Hasta la fecha, la expresión génica en tales tumores se ha perfilado usando los métodos a granel del transcriptome, ofreciendo una única dimensión del transcriptome para qué, esencialmente, representa muchos tipos de la célula. Empleando tecnología transcriptomic unicelular es posible ahora deconstruct un tumor en su célula-tipo componente piezas y por lo tanto ganar una mejor comprensión de la biología subyacente.

Robson y autores Shyam co-mayor Prabhakar, biólogo de cómputo en el instituto del genoma de Singapur, e Iain Beehuat Tan, oncólogo médico en el centro nacional Singapur del cáncer, llevaron un esfuerzo que revisó 626 células individuales aleatoriamente seleccionadas de los tumores colorrectales y de las muestras normales adyacentes de la célula usando la secuencia unicelular del ARN.

De cómputo examinando el transcriptome de cada célula (la lectura de todas las moléculas del ARN de mensajero en esa célula) usando su nuevo algoritmo, los investigadores determinaron dos subtipos distintos de fibroblastos cáncer-asociados (CAFs). Estos CAFs contribuyeron importante a la expresión génica mesenquimal encontrada en datos a granel del transcriptome del tumor, una firma asociada más a menudo a un proceso de la célula cancerosa conocido como transición epitelial-mesenquimal. Sus datos hacen el caso que los CAFs contribuyen a un pronóstico peor en enfermos de cáncer colorrectales.

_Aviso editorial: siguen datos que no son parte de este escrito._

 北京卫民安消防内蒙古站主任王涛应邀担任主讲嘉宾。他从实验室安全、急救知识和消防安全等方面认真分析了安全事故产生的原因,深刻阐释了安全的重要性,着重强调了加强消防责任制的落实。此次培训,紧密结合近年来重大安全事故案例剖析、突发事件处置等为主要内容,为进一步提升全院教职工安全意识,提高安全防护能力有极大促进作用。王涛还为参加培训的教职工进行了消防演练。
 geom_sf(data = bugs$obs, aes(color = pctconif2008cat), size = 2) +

Estas conclusión, notas de Robson, promesa de la demostración para aún más clasificación refinada de tumores colorrectales y otros en el futuro. “Y a medida que el costo de análisis transcriptomic unicelular continúa caer, los oncólogos pueden llegar hasta un mejor tumor que perfila para conducir el tratamiento de enfermos de cáncer,” él dice.